As with the best riddles, the answer is in the question – just out of curiosity. Good scientists have a lot of it, or they wouldn't be what they are, and a hypothesis like 'God exists, is omniscient, omnipotent and loves all his creations' is a sort of challenge. The fact that the existence of a God, of multiple deities of a variety of genders, of a general anthropomorphic creative principal (a universal headmaster) or whichever mechanism you choose to lay down the essential physical laws that allow the development of life and humanity is orthogonal to the study of those laws, and the universe they have brought into being is recognised by almost all, which doesn't prevent a large percentage of those scientists (who are not all good, by any means; I too have met the 'my theory is right and thou shalt not criticise, let alone devise experiments to disprove it' iconodules, science's equivalents to pedants) are theists for a wide range of different religions, seeing no contradiction in this position.

As indeed there is no contradiction. The two sets of knowledge are independent, non-interacting, each irrelevant to the other. And you can burn infidels at the stake for either, so fun is maintained.


----------



## Ray McCarthy (Oct 15, 2014)

Curiosity is only sometimes science.


----------



## Ray McCarthy (Oct 15, 2014)

Dave said:


> however there are many scientists who are religious and therefore must obviously disagree with me.


False conclusion.
People can be religious or have faith or believe in God quite separately to job or career or being a Scientist. 
(religious or have faith or believe in God can be three unrelated things: I.e. The devil or Satan if real certainly isn't religious or having Faith, people can have the same sort of Faith in things other than God and religion doesn't require Faith or actually a God).


----------



## Parson (Oct 15, 2014)

To deal with the original question of this thread. I think that Science doesn't "have" to do anything. It is a method of inquiry which yields repeatable results given the same inputs. It is based on the so far indisputable conclusion that there are no exceptions to the rule that "results will always be the same if the inputs are always the same." 

This method of inquiry seems to be inherently at odds with religion which has at its heart that there is truth beyond rational explanation. To hold to that philosophy demands faith in something which has defied any attempt at trial and error provability. Obviously then many scientific researchers hold religious faith to be the haunt of weak minded individuals.

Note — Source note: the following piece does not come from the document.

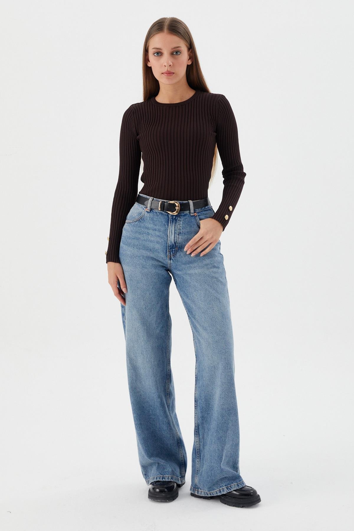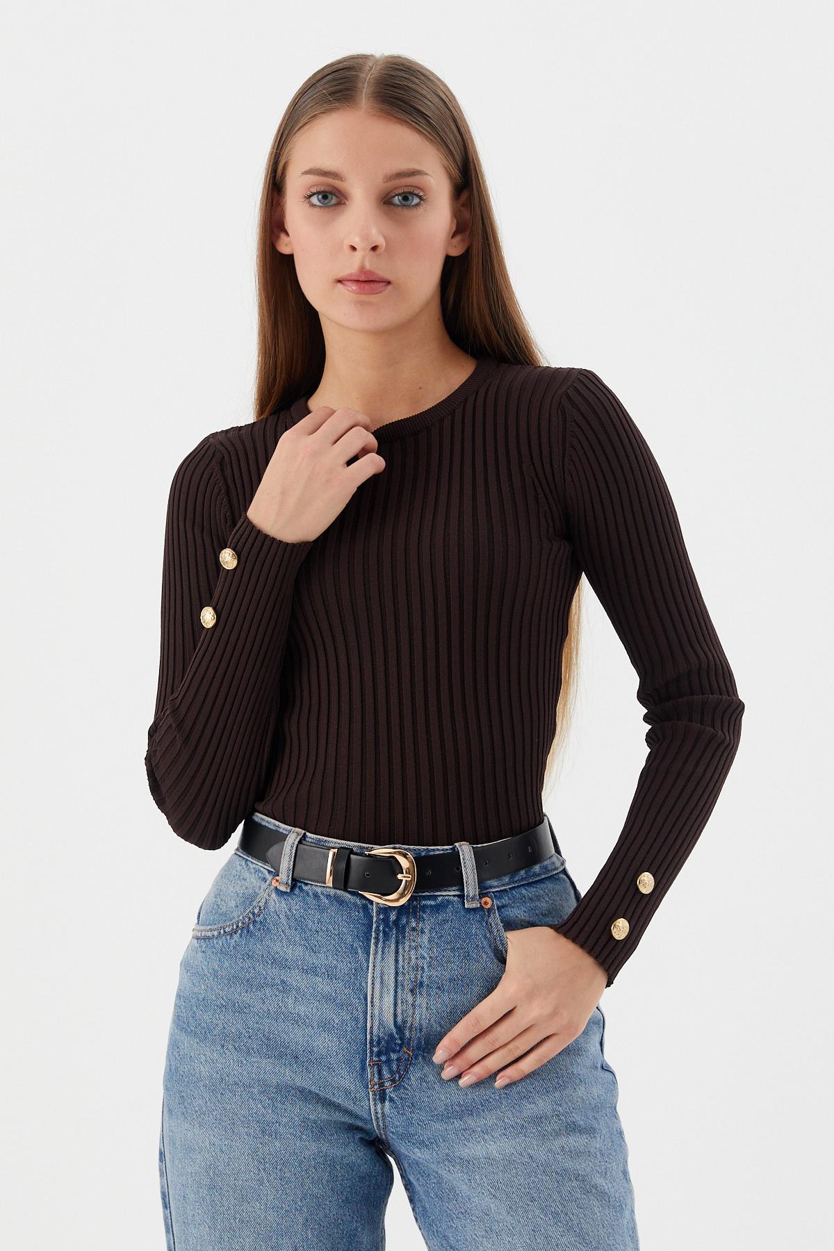 Kolları Düğmeli Fitilli Body KAHVE (WTRI012P0064_454)

Thereby creating the illusion that science, in general, needs to be in conflict with religion, in general.


----------



## paranoid marvin (Oct 15, 2014)

Scientists, like mathemeticians like to deal in definites; they hate variables, and God is the biggest variable of them all. Personally I don't think that scientists try to prove or disprove God; but they may attempt to explain some previously unexplainable occurrences that have been attributed to God. 

And anyway , what would be the point in proving such a thing? Ironically, the more people try to explain that there isn't a God, the stronger, the more determined, the faith of those who believe is. For what is God without faith? 

And in my opinion the more wonders, the more impossibilties that science discovers, the more likelihood that there truly is a God.


----------



## Ursa major (Oct 15, 2014)

TheEndIsNigh said:


> They did have prettier Avatars though.


Thread Bear has come round to your point of view.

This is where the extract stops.